Con base en Sachs y Warner, pero también en Bagwati y los discursos de algunos de los grandes personajes de la liberalización y el globalismo a la americana de los últimos 15 años, Chang describe de modo esquemático la manera de cómo el pensamiento liberal del presente ha reescrito su propia historia y la de los países que, al supuestamente aplicar sus principios, la volvieron una historia de éxito.

En el principio fueron el libre mercado y el libre comercio y la mejor prueba de su eficacia fue Gran Bretaña que, en efecto, tuvo un período, en realidad muy corto, de casi total libertad comercial. Esa era o debía haber sido la senda a seguir por los demás. Otra fue, sin embargo, la historia.

Luego de los descalabros de entre guerras y del reino de las políticas equivocadas de la segunda posguerra, del keynesianismo al estructuralismo, en los setenta y ochenta se vivió la expiación, primero, y la redención después, del mundo en su conjunto. La gran anomalía histórica del comunismo quedó atrás y la mayoría se unió a la reforma de las políticas en dirección neoliberal. “La más simbólicas de estas conversiones, de acuerdo con Bhagwati (1998) son: el abrazo de Brasil de la doctrina neoliberal, bajo la presidencia de Fernando Henrique Cardoso; la entrada del tradicionalmente antiamericano México al Tratado de Libre Comercio de América del Norte (TLC); y el viraje de India, hasta entonces un bastión de del proteccionismo y la regulación, hacia una economía liberal y abierta” (p. 17).
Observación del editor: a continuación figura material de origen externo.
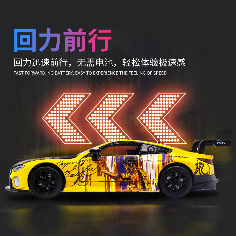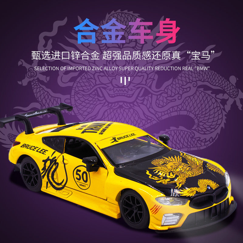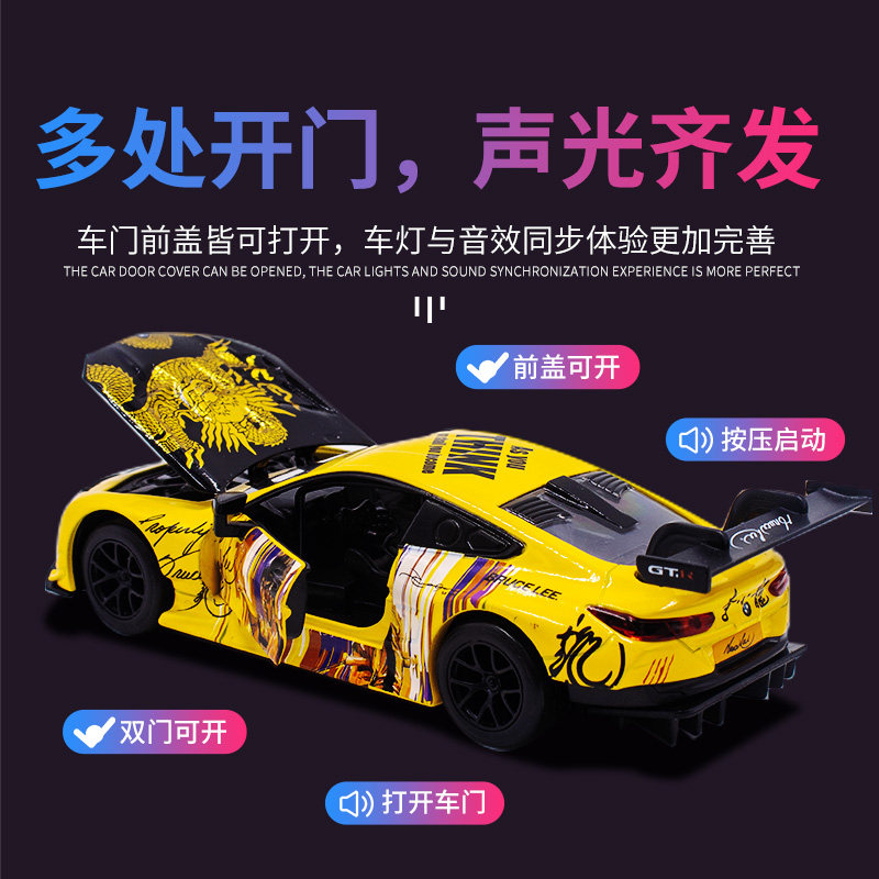 GTE李小龙联名拉花款 32宝马M8 声光开门回力合金车模型 授权1 正品
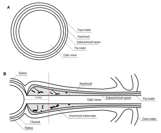 - Hansen, H.C.; Helmke, K. The subarachnoid space surrounding the optic nerves. An ultrasound study of the optic nerve sheath. Surg. Radiol. Anat. 1996, 18, 323–328. [Google Scholar] [CrossRef]
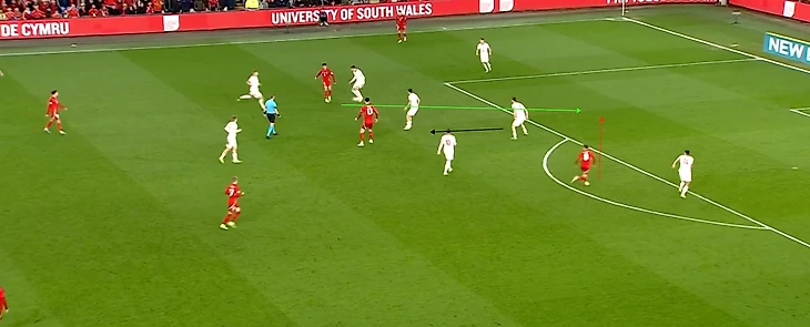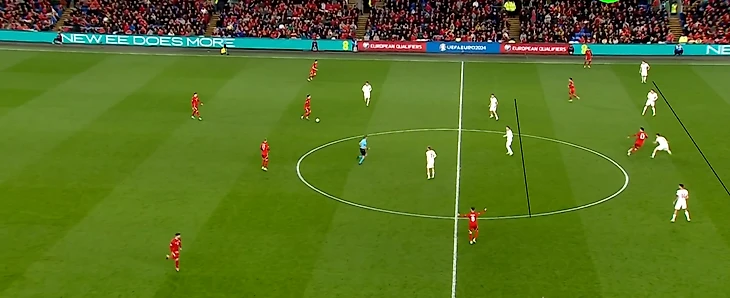 С Уэльсом поляки действовали по-другому. Линия обороны выстраивалась выше, а иногда даже появлялись очертания командного прессинга, пусть и недолгими порывами. Только есть вопрос: Зачем играть в искусственный офсайд против команды, которая опасна на контратаках и заведомо быстрее вашей?
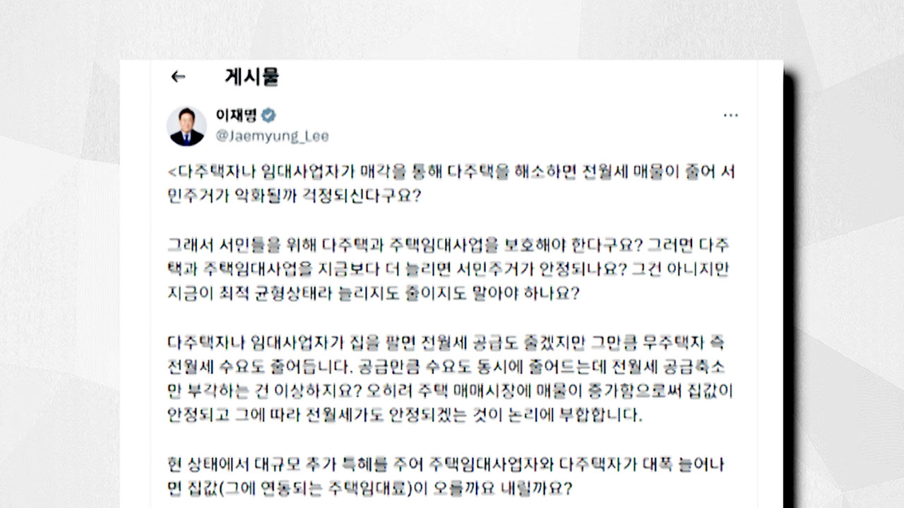 이 대통령은 어제(22일) 소셜미디어에 올린 글에서 박성훈 국민의힘 수석대변인의 '다주택자 규제 시 임대 공급 위축과 전월세 불안이 재연되면 그 책임은 대통령에게 있다'는 취지의 논평을 담은 기사를 인용하며 반박했습니다.

Al combinarse con el establecimiento de nuevas instituciones globales representadas por la OMC, estos cambios políticos en el nivel nacional han creado un nuevo sistema global, comparable en su prosperidad (potencial) sólo con la inicial “edad de oro” del liberalismo (1870-1914). (p. 18.)

Ni el convulso presente, ni la historia del desarrollo y las ideas sobre el mismo que Chang ha reconstruido, confirman este triunfalismo. La insistencia en el valor, todavía potencial, del recetario del Consenso de Washington, que a pesar de todo se mantuvo en Monterrey en la cumbre financiera de la ONU, tuvo que contrastar esta vez con la reiterada admisión de los participantes de que una nueva fase de diálogo global y ayuda al desarrollo se requiere con urgencia. Con todo y las limitaciones de la reunión referida, es claro también que la vía propuesta para la reforma económica y el avance social dista mucho de gozar de la legitimidad que tuvo hace diez o quince años. Es en esta perspectiva que se puede aquilatar mejor la utilidad y la oportunidad del trabajo que presentamos.
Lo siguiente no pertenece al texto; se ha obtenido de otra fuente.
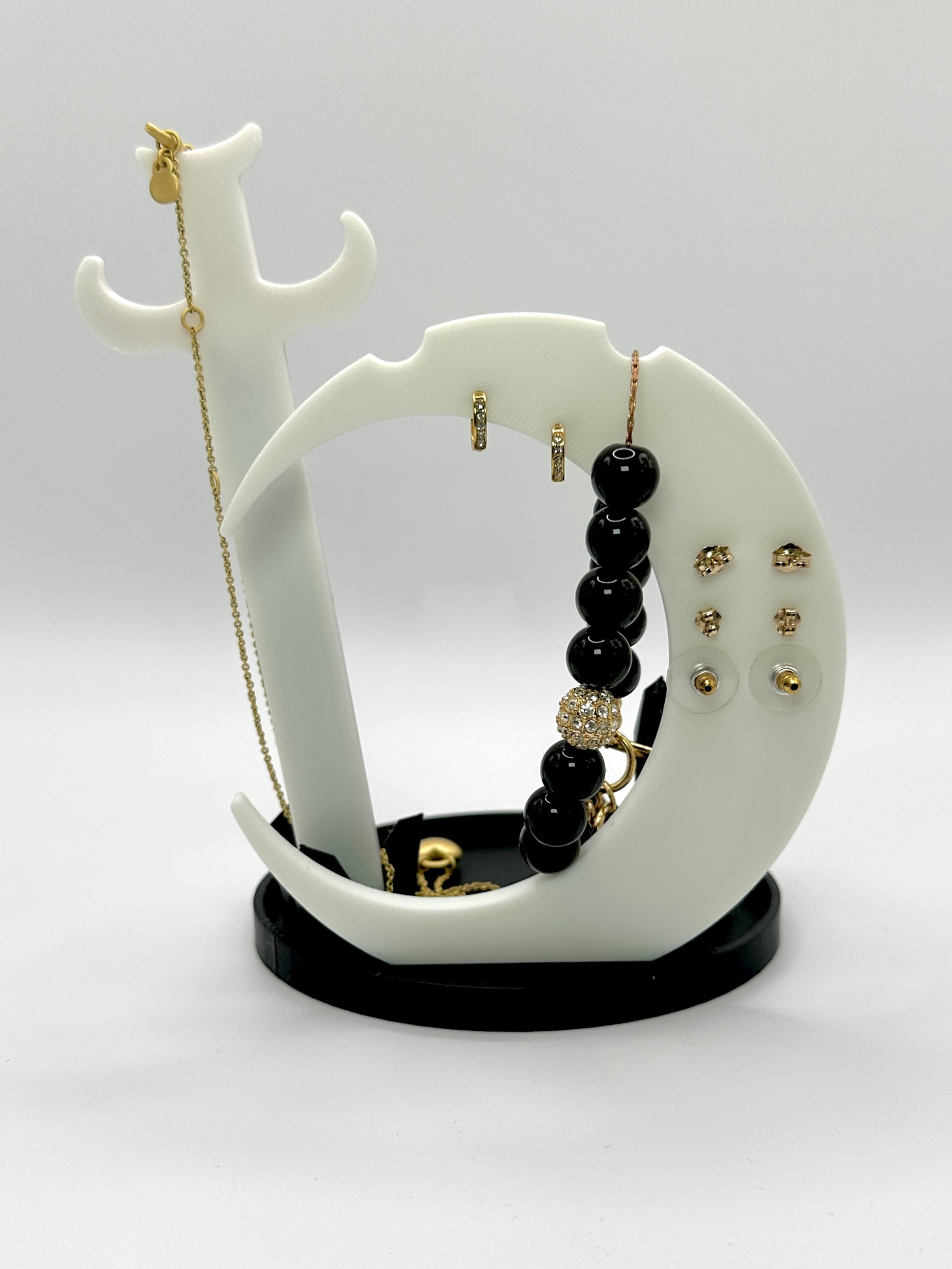 A Realm of Organized Enchantment: At its heart, a pristine white crescent moon is beautifully designed with three dedicated spots for your stud earrings, and features a special space to elegantly hold a set of dangle earrings. Thoughtfully integrated into the moon's upper curves are two elegant cut-outs, perfect for gracefully draping necklaces or bracelets, keeping them untangled and luminous.

La vía escogida por este economista político coreano, profesor de la Facultad de Economía y Política de Cambridge, es compleja y desafiante.

Pero es, tal vez, la única capaz de ofrecernos panoramas de mayor aliento que los que nos deja la discusión analítica en boga, la cual, explícitamente y no, rehúsa atender a las lecciones de la historia y opta por el razonamiento abstracto, a veces riguroso, otras no, que puede llevar, como parece ser de nuevo el caso en América Latina, a desastrosos círculos viciosos en la política, la economía y la vida social en su conjunto. Salir al paso de estas trampas conceptuales y de estrategia, es la misión intelectual de este notable esfuerzo.

El relato, empieza con una jugosa referencia al célebre economista alemán del siglo XIX, Federico List, y a sus tesis sobre la industria infantil o naciente. No era, el alemán, un partidario absoluto de la protección o el aislamiento. No fue el padre de los globalifóbicos, sino un pragmático y sensato pensador de su tiempo, que no parecía dispuesto a tragarse la sabiduría convencional del mismo.

Para List, el libre comercio era beneficioso para países en condiciones similares, pero perjudicial para economías con diferentes niveles de desarrollo industrial. “Para él, las virtudes del libre comercio predicadas por los políticos y economistas británicos de su tiempo, se hacían con propósitos nacionalistas aunque fuesen presentadas en los lenguajes generalistas de lo que (List) llamaba una ‘doctrina cosmopolítica’ ” (Chang, p. 5). Lo cosmopolítico se ha transmutado ahora en un banal cosmopolitismo globalifílico, pero no dejan de sonar familiares el argumento y la referencia.

Decía List: “Cuando alguien ha llegado a la cumbre de la grandeza, es común y astuto que eche a un lado la escalera por la cual subió, con el fin de quitarle a los otros los medios para que trepen tras él. En esto radica el secreto de la doctrina cosmopolítica de Adam Smith, así como las tendencias cosmopolíticas de su gran contemporáneo Wiliam Pitt y de sus sucesores en el gobierno británico” (List, citado por Chang, ibid.).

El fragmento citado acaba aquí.